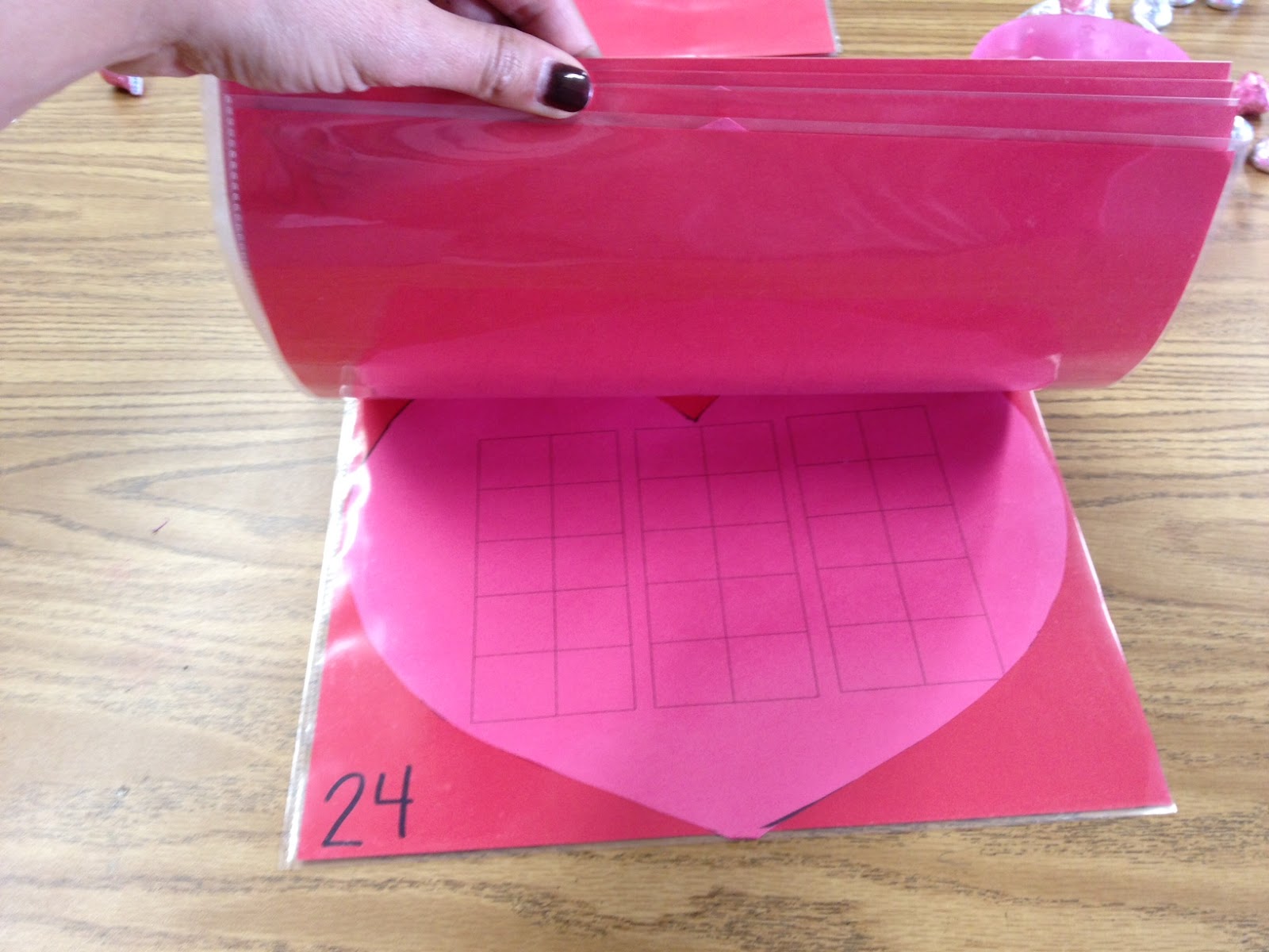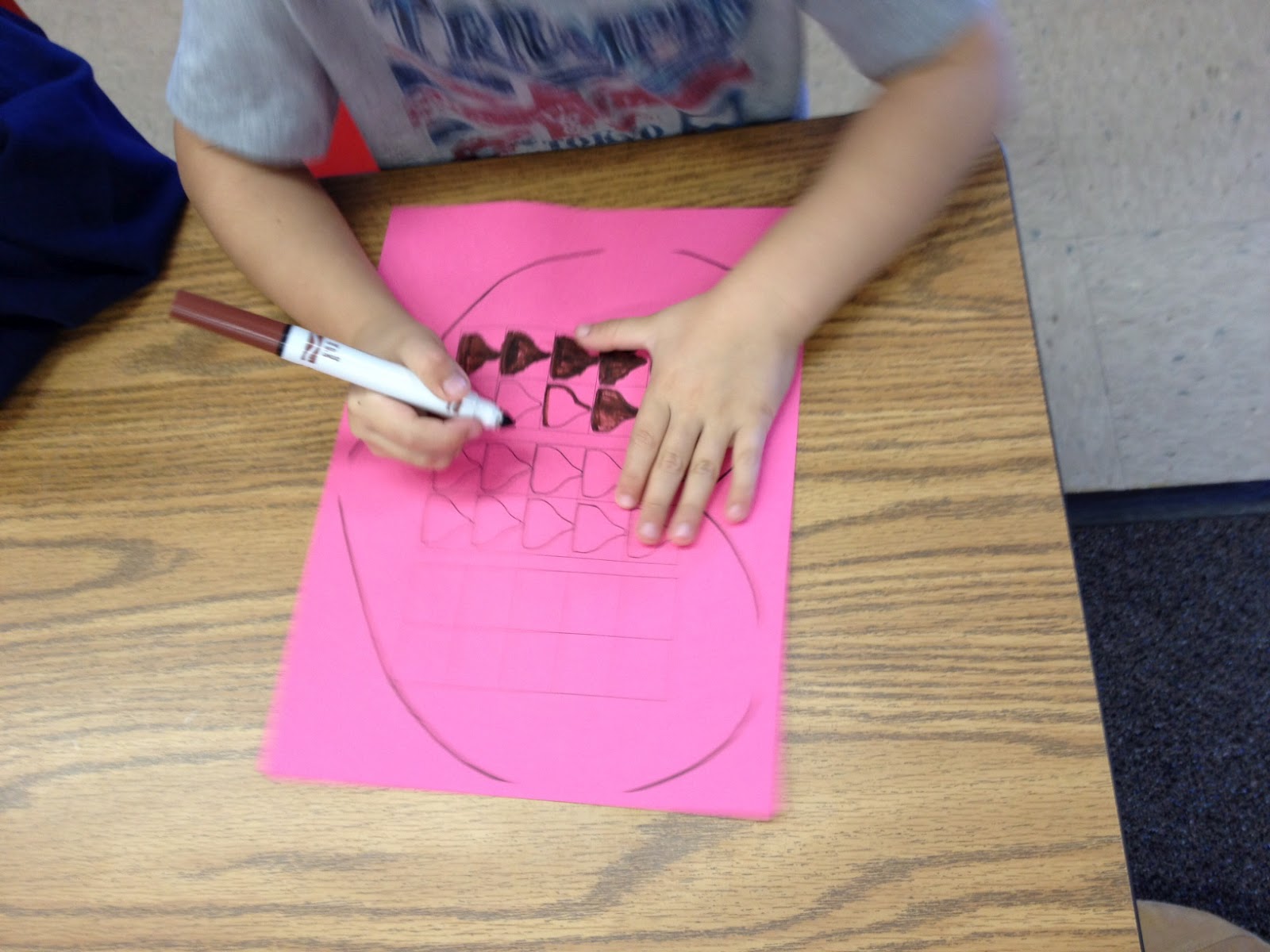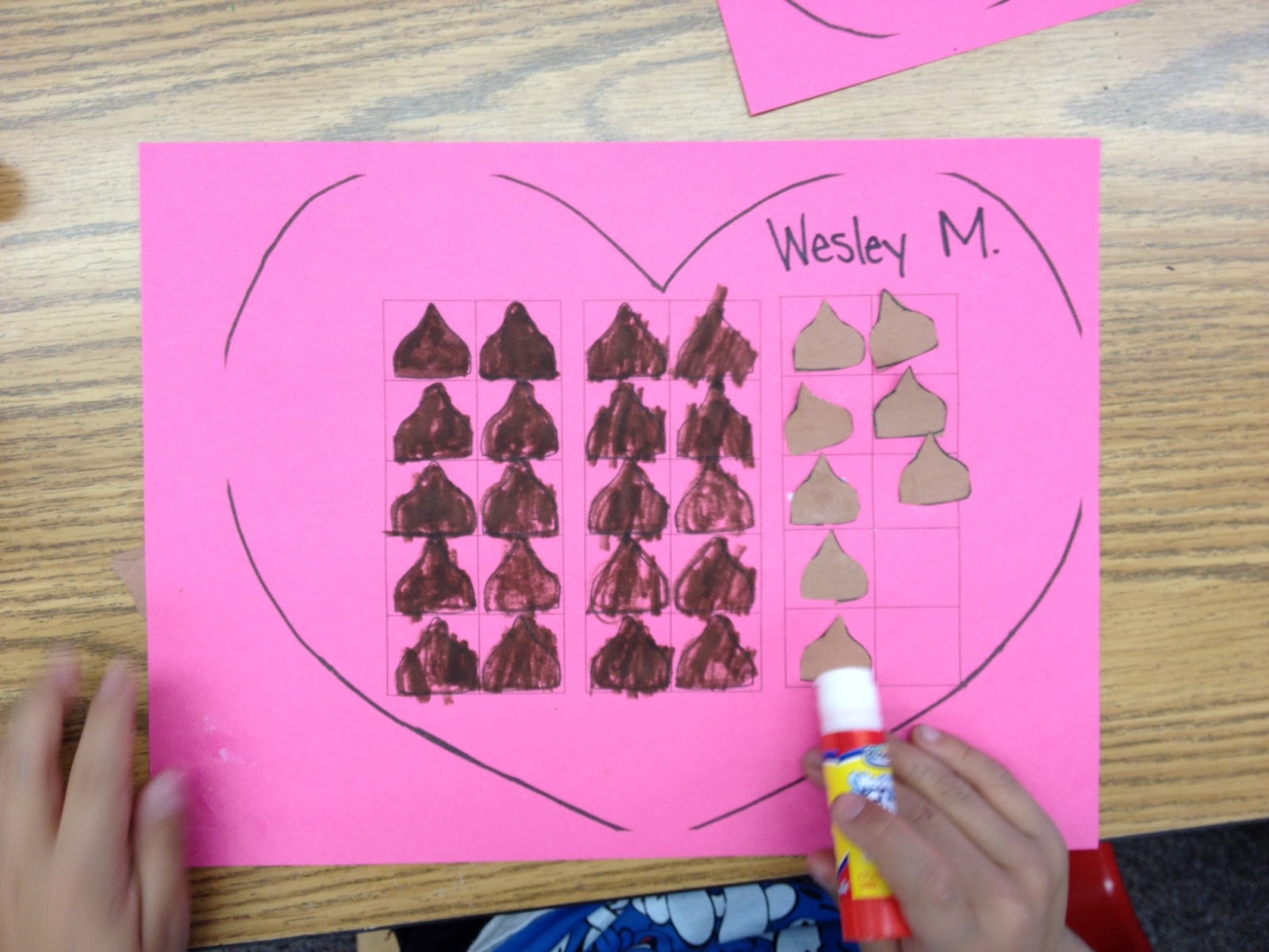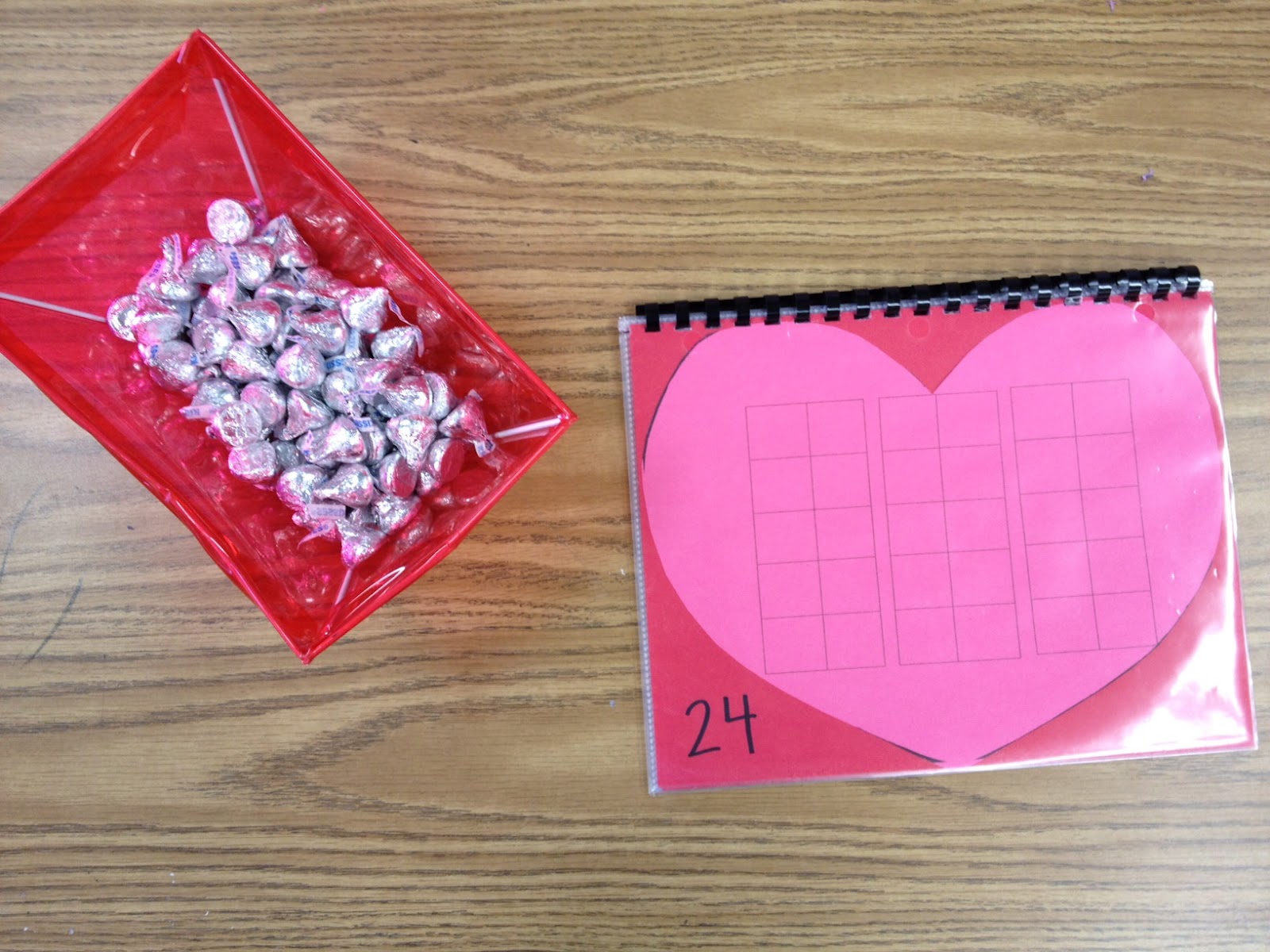 After we worked with the manipulative, we used this same concept to make a craft. I made each student a mat with 20 kisses already on the paper, and they had to color them in to make them look like kisses.
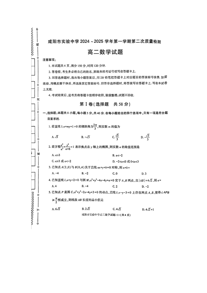 咸阳市实验中学2024-2025学高二第一学期第二次质量检测 数学
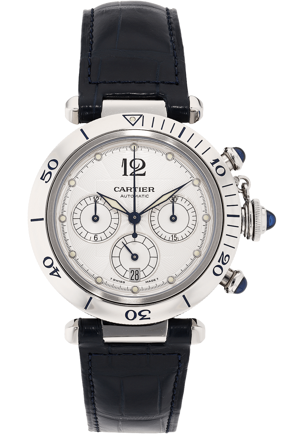This pre-owned Pasha Diver Chronograph is crafted from stainless steel with a silver dial featuring dot markers.... Replete with a blue alligator strap with deployant clasp, it is an exceptional choice for any collection.
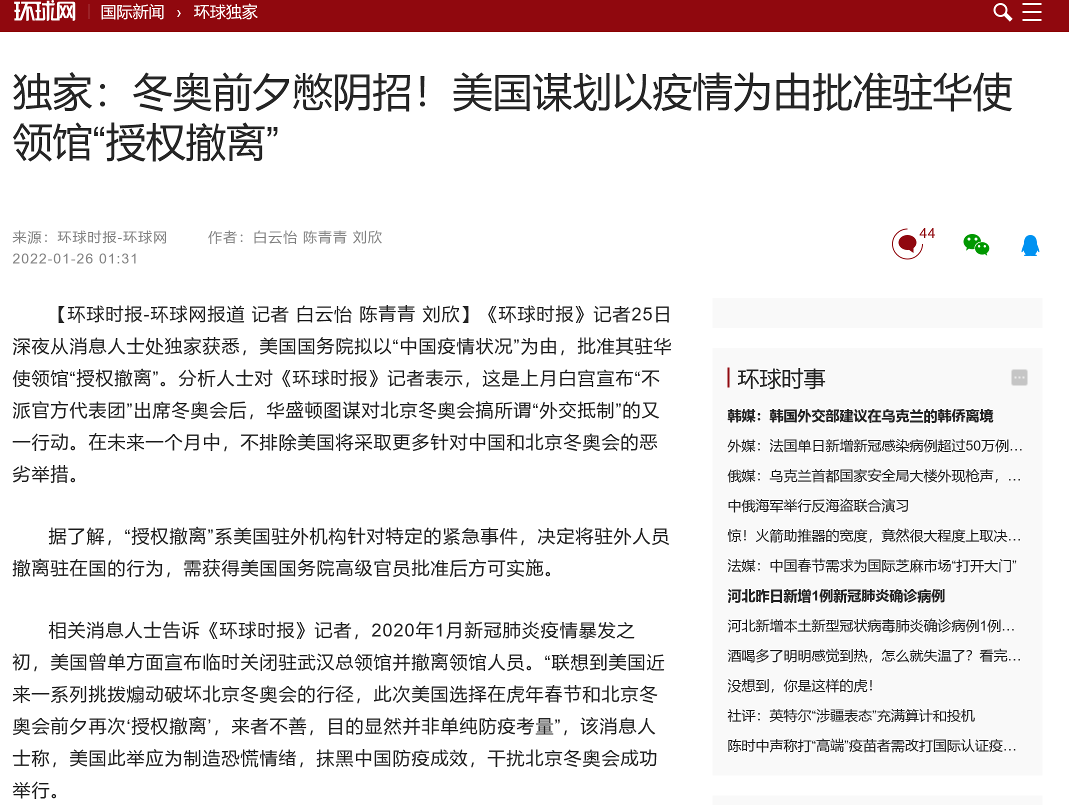 北京时间1月26日,据中共外宣媒体《环球时报》报道,《环球时报》记者25日深夜从消息人士处独家获悉,美国国务院拟以“中国疫情状况”为由,批准其驻华使领馆“授权撤离”。
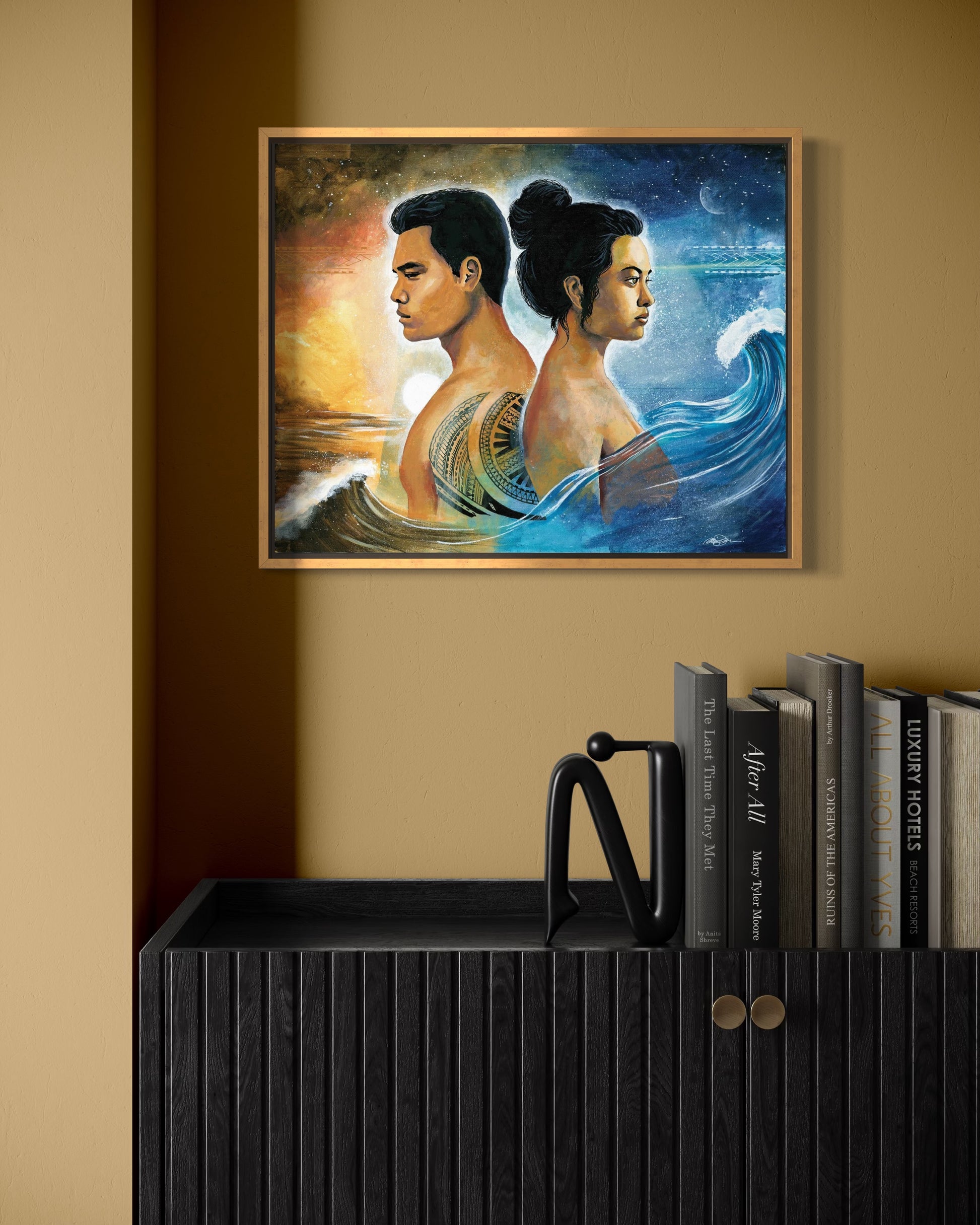 The term feagaiga refers not just to a relationship, but to a spiritual agreement—most commonly the revered bond between a brother and sister, where protection, respect, and sacred space (vā) are upheld. This painting interprets that relationship in a modern context: a visual offering that honors not only familial duty, but the ancestral wisdom and quiet power exchanged between loved ones.
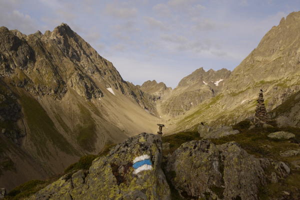 Der Weg ab Hütte führt bald über Block- und Schuttgestein Richtung Saaspass, etwas mühsam, aber kein Schnee.

# # #

From the line containing "北京时间1月26日,据中共外" through the last line of the listing, inclusive, transcribe every line exactly and nothing else; the pictures stay out.

▸ EXERCISE RESULT
 北京时间1月26日,据中共外宣媒体《环球时报》报道,《环球时报》记者25日深夜从消息人士处独家获悉,美国国务院拟以“中国疫情状况”为由,批准其驻华使领馆“授权撤离”。
 The term feagaiga refers not just to a relationship, but to a spiritual agreement—most commonly the revered bond between a brother and sister, where protection, respect, and sacred space (vā) are upheld. This painting interprets that relationship in a modern context: a visual offering that honors not only familial duty, but the ancestral wisdom and quiet power exchanged between loved ones.
 Der Weg ab Hütte führt bald über Block- und Schuttgestein Richtung Saaspass, etwas mühsam, aber kein Schnee.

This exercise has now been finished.